American technology writer

Dan Gillmor (born 1951) is an American technology writer and columnist. He was director of News Co/Lab, an initiative to elevate news literacy and awareness, at Arizona State University's Walter Cronkite School of Journalism and Mass Communication. Gillmor is also in the board of directors of The Signals Network, a non-profit organization supporting whistleblowers.

==Early life and education==
Gillmor was born and raised in upstate New York. In 1969, he enrolled at Middlebury College for three semesters.

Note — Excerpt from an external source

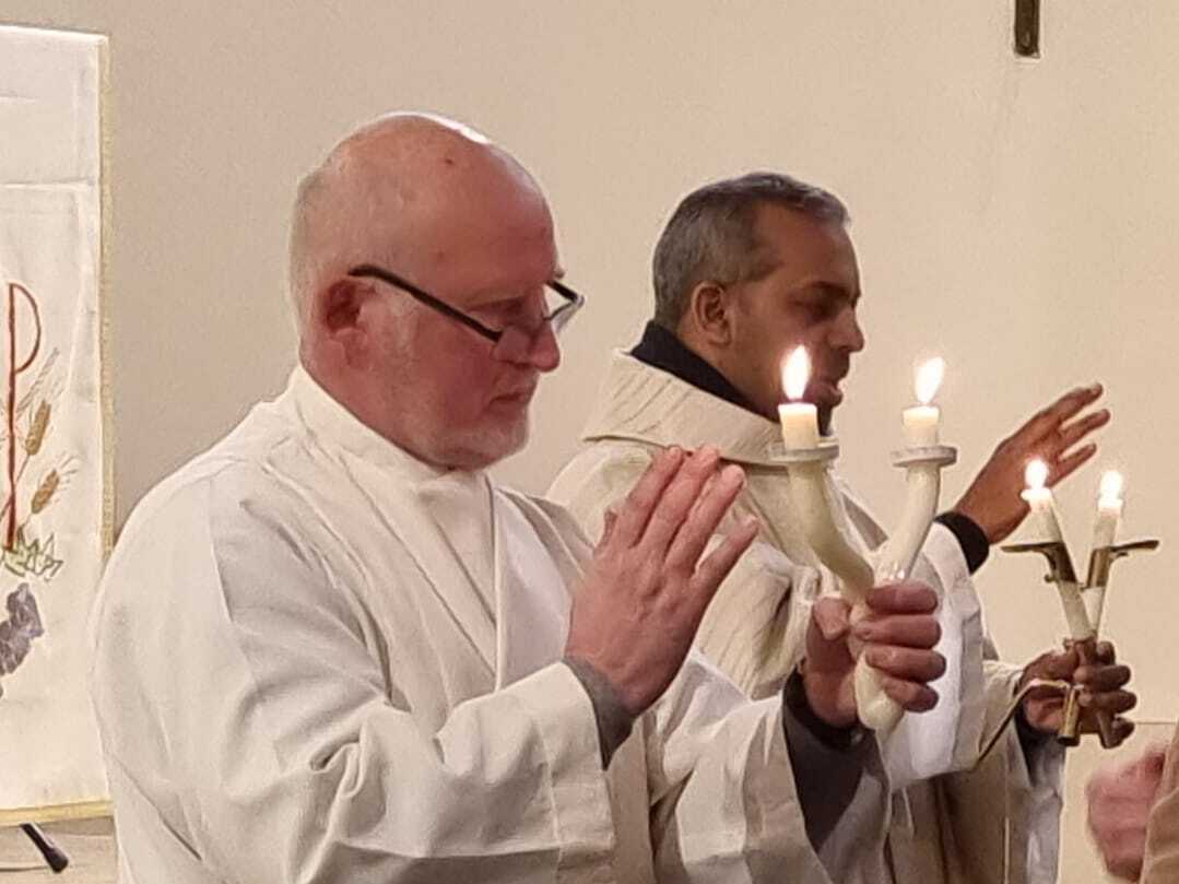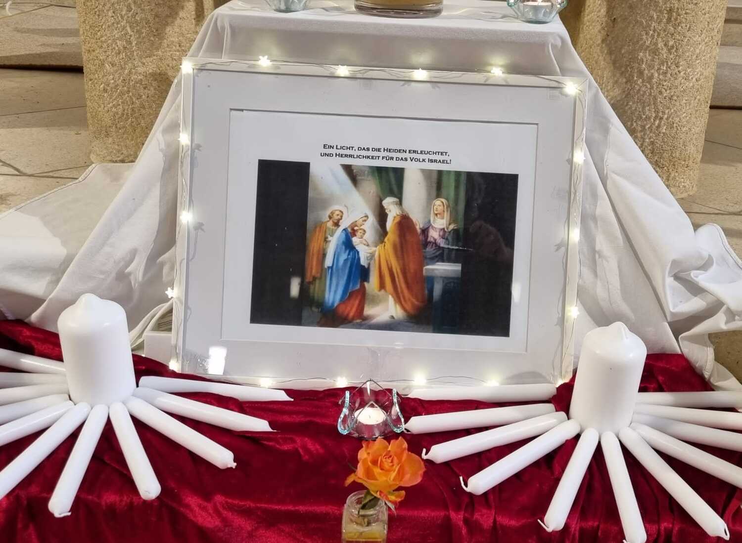 Die brennenden Kerzen sind Symbol für Jesus als „das Licht der Welt“.

He later enrolled at the University of Vermont, graduating with a degree in political science in 1981.

==Career==
Before becoming a journalist, Gillmor worked as a musician, singing, playing guitar, and songwriting for the band Road Apple.

During the 1986–87 academic year he was a Michigan Journalism Fellow at the University of Michigan in Ann Arbor, where he studied history, political theory and economics. Gillmor worked at the Kansas City Times and several newspapers in Vermont, followed by six years at the Detroit Free Press.

From 1994 to 2005, Gillmor was a columnist at the San Jose Mercury News, Silicon Valley’s daily newspaper, during which time he became a leading chronicler of the dot-com boom and its subsequent bust. Starting in October 1999, he wrote a weblog for The Mercury News, which is believed to have been the first by a journalist for a traditional media company. Gillmor's eJournal archives were believed to be lost but have been found in the Internet Archive and are now restored at Bayosphere.com.

Gillmor left The Mercury News in January 2005 to work on a start-up venture in citizen journalism called Bayosphere, which aimed to "make it easier for the public to report and publish on the Internet." Launched in May 2005, Bayosphere closed in January 2006.

After closing Bayosphere, Gillmor moved on to a new project, the Center for Citizen Media, a non-profit organization affiliated with the UC Berkeley Graduate School of Journalism and the Berkman Center for Internet & Society at Harvard University Law School.

In 2007, Gillmor co-founded Dopplr, an online travel application project.

In November 2007, Gillmor was named founding director of Arizona State University's new Knight Center for Digital Media Entrepreneurship at the Walter Cronkite School of Journalism and Mass Communication. Gillmor has been a board member of the Global Editors Network since its creation in April 2011.

==Awards and honors==
Gillmor won the EFF Pioneer Award in 2002.

==Works==
===Books===
Gillmor is the author of We the Media (2004), which describes the Internet as an opportunity for independent journalists to challenge the consolidation of traditional media and contains Gillmor's widely cited realization: "my readers know more than I do." The book offers a guide to new internet tools for journalists, including weblogs, RSS, SMS, peer-to-peer, and predicts how these tools will change journalism.

In 2009, Gillmor published Mediactive, a book on digital media literacy. One review noted that the book's "thesis in itself is neither new nor original", but that the book represents "the first time someone has put it all down in one place".